神はいないのか、盆踊り中か 〜シャー・アラムの教訓〜

美しい。俗称ブルーモスク。正式名称は…長い
アジアローカル旅

I’m lost in Shah Alam…

プトラジャヤでの苦い体験で得た教訓1、知らない国の田舎で行き倒れないためにTouch ’n Go(交通カード)をゲットしたが…この日も3回泣きかけた。

KL郊外、日本人会主催の大規模「盆踊り」で有名なシャー・アラムに行ってきた。この旅の課題でもある「その国の公共交通を知る」実現のために、あえて路線バスで行ってみることに。
LRTクラナ・ジャヤ線で「パサール・セニ」駅に降り、隣接するバスターミナルで750系統のバスに乗る。
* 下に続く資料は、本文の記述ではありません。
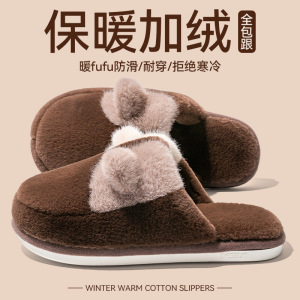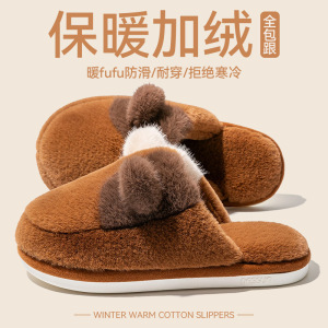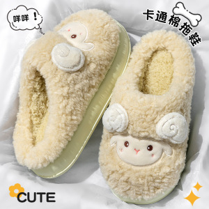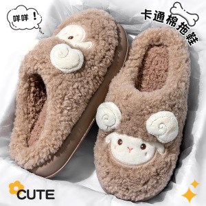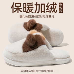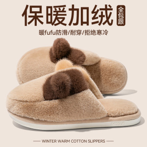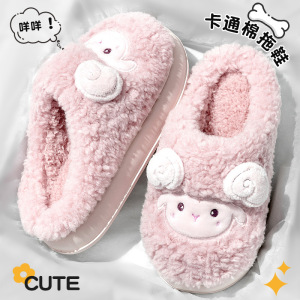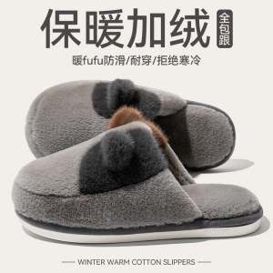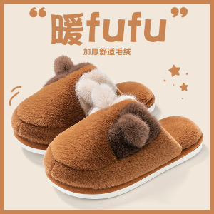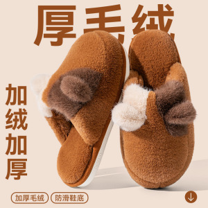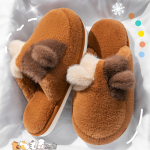 女士双色猫耳棉拖鞋2025新款ins风居家室内保暖毛绒绒可爱棉鞋女

順調。

専ら観光客は近郊へ行く電車でサクッと行くか、Grab呼んでビュンと行くのがいいのだろうが、海外ではなんか地元の人達が使う路線バス乗ってみたいんだよね。とか、へんなチャレンジ精神は後悔すること必至。だいたい日本だと路線バスまず忌避するので、誰もが知ってる万国共通の常識すらわかっていないクセに。
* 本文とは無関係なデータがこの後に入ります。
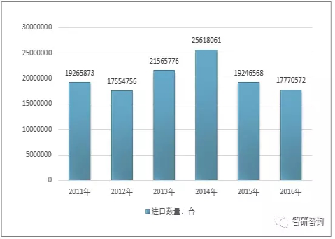 根據(jù)中國海關(guān)統(tǒng)計(jì)數(shù)據(jù)顯示,2016年我國空氣壓縮機(jī)進(jìn)口數(shù)量為17770572臺(tái),較2015年的19246568臺(tái)下降7.7%。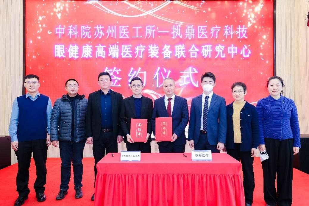 2022年12月27日上午,中国科学院苏州生物医学工程技术研究所(以下简称:中科院苏州医工所)与执鼎医疗科技(杭州)有限公司(以下简称:执鼎医疗)在杭州签署战略合作协议,双方共同创建“中科院苏州医工所-执鼎医疗科技眼健康高端医疗装备联合研究中心”。双方将聚焦眼科医疗器械行业,致力于眼科临床应用领域新技术的创新与突破,造福广大眼病患者。

座席には座れたが、降り間違えたり寝過ごしたりしちゃマズいと緊張して窓の外をガン見。世界中ありがちだが、バス内のアナウンスって聞きづらいんだよね、早口の外国語だし、大きいエンジン音などもあり。走ること3〜40分、有名なブルーモスクがチラチラ見え始める。絶対次のバスターミナルに降りるのを確信していたのだが、ロータリーに入るわけでもなく、みんなゾロゾロ降りるわけでもなく、ホントにサラッと路肩に停まってサッと出ちゃったので見事に降りそびれた!

そしたらもうスピードアップしてどんどんブルーモスクが遠ざかっていくじゃないの!「ヤバい」と次の停留所で飛び降り、徒歩で戻ることに…

要注意のバスセンター。乗り場の分からなさよりもさらに注意が必要な「キャッシュレス社会」

歩行者のためにできていない道

マレーシア郊外は基本、歩く人には厳しい環境。大きい道路などは歩道がちゃんと整備されておらず(なのになぜかしょっちゅう工事している)歩きにくいことこの上ない。どっか渡るにも丁度よく歩行者信号のある交差点も少ないし、サッと飲み物を補充できるファミマなどもない。さらに南国の炎天下…体感、20分くらい歩いてもう何もかもイヤになった(老い)。幸い方向音痴ではないのでなんとかブルーモスクの近くまで戻ってきたが、もはや涼まないと死ぬ状態に。

これは…シアター?それぞれの施設がガバッと広いので、ちょっと涼んで座って一服っていう場所はあんま無い

教訓2、いずれにしろ、予習不足の徒歩はダメ!これ、バスセンターにちゃんと降りたとしても結構歩くことになってた気がするけど…
「あ、あっちに立派なミナレットが見えた!」と言ってもコチラのモスクはとにかく巨大で、入場口も一方向のみだったり、手前に広大な公園や広場があったりして、なんだかんだで凄い歩くことになるのを心に留めておいて頂きたい(誰にだ)。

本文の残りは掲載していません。